◆ Supplied material
***

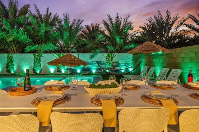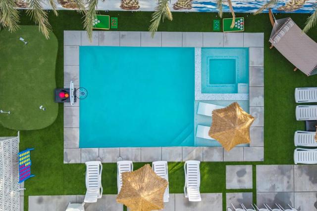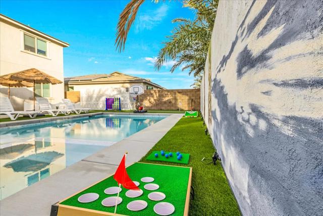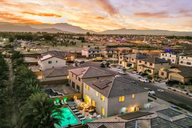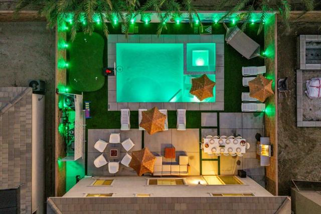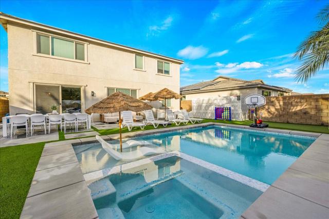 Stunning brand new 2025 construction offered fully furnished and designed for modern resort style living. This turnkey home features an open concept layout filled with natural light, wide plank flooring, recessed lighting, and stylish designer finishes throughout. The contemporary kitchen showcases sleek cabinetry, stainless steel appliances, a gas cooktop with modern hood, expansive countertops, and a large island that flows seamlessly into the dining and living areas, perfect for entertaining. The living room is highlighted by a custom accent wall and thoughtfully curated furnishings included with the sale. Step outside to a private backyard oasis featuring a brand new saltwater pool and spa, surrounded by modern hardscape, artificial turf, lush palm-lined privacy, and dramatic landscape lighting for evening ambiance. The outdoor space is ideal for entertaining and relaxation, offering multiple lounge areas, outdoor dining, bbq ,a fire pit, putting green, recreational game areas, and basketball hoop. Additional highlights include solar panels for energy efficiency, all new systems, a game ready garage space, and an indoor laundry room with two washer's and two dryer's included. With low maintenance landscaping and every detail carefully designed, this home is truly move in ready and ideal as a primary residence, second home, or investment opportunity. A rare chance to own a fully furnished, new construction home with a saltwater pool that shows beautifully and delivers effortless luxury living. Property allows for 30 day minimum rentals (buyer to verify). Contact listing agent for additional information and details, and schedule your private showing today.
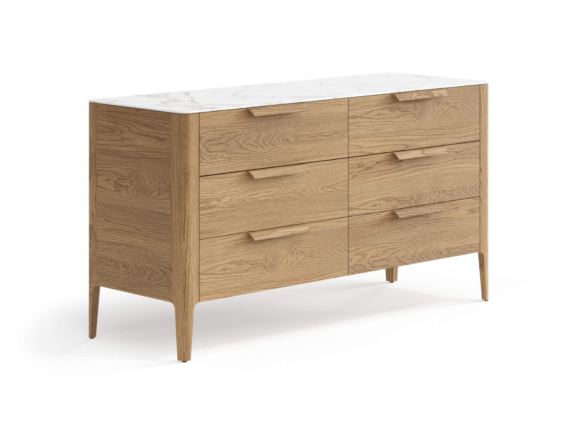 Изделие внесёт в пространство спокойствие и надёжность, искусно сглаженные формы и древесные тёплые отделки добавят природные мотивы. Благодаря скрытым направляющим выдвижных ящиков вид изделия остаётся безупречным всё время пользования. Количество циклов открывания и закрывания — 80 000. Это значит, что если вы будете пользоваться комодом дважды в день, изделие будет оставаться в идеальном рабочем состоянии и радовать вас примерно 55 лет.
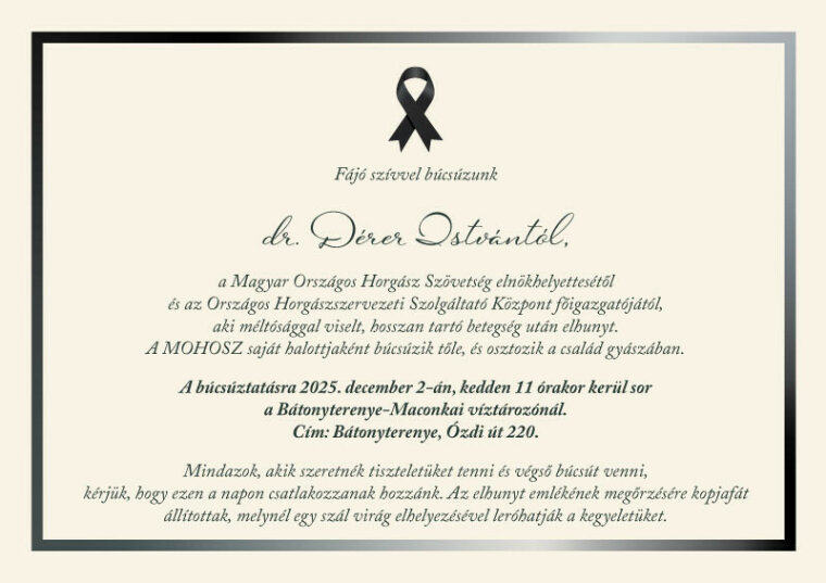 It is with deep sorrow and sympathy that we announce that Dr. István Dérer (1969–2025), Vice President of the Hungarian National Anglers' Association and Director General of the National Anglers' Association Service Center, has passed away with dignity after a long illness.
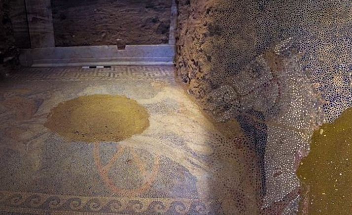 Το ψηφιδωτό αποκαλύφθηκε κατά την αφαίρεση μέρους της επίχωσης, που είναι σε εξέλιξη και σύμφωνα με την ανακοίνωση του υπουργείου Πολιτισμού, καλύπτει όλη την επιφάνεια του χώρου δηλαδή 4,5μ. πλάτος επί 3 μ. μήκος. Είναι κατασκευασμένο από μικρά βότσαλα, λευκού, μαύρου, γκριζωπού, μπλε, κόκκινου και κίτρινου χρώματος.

***

◆ Instructions for the task
Reproduce the material above verbatim; omit every picture.

◆ Output of the task
 Stunning brand new 2025 construction offered fully furnished and designed for modern resort style living. This turnkey home features an open concept layout filled with natural light, wide plank flooring, recessed lighting, and stylish designer finishes throughout. The contemporary kitchen showcases sleek cabinetry, stainless steel appliances, a gas cooktop with modern hood, expansive countertops, and a large island that flows seamlessly into the dining and living areas, perfect for entertaining. The living room is highlighted by a custom accent wall and thoughtfully curated furnishings included with the sale. Step outside to a private backyard oasis featuring a brand new saltwater pool and spa, surrounded by modern hardscape, artificial turf, lush palm-lined privacy, and dramatic landscape lighting for evening ambiance. The outdoor space is ideal for entertaining and relaxation, offering multiple lounge areas, outdoor dining, bbq ,a fire pit, putting green, recreational game areas, and basketball hoop. Additional highlights include solar panels for energy efficiency, all new systems, a game ready garage space, and an indoor laundry room with two washer's and two dryer's included. With low maintenance landscaping and every detail carefully designed, this home is truly move in ready and ideal as a primary residence, second home, or investment opportunity. A rare chance to own a fully furnished, new construction home with a saltwater pool that shows beautifully and delivers effortless luxury living. Property allows for 30 day minimum rentals (buyer to verify). Contact listing agent for additional information and details, and schedule your private showing today.
 Изделие внесёт в пространство спокойствие и надёжность, искусно сглаженные формы и древесные тёплые отделки добавят природные мотивы. Благодаря скрытым направляющим выдвижных ящиков вид изделия остаётся безупречным всё время пользования. Количество циклов открывания и закрывания — 80 000. Это значит, что если вы будете пользоваться комодом дважды в день, изделие будет оставаться в идеальном рабочем состоянии и радовать вас примерно 55 лет.
 It is with deep sorrow and sympathy that we announce that Dr. István Dérer (1969–2025), Vice President of the Hungarian National Anglers' Association and Director General of the National Anglers' Association Service Center, has passed away with dignity after a long illness.
 Το ψηφιδωτό αποκαλύφθηκε κατά την αφαίρεση μέρους της επίχωσης, που είναι σε εξέλιξη και σύμφωνα με την ανακοίνωση του υπουργείου Πολιτισμού, καλύπτει όλη την επιφάνεια του χώρου δηλαδή 4,5μ. πλάτος επί 3 μ. μήκος. Είναι κατασκευασμένο από μικρά βότσαλα, λευκού, μαύρου, γκριζωπού, μπλε, κόκκινου και κίτρινου χρώματος.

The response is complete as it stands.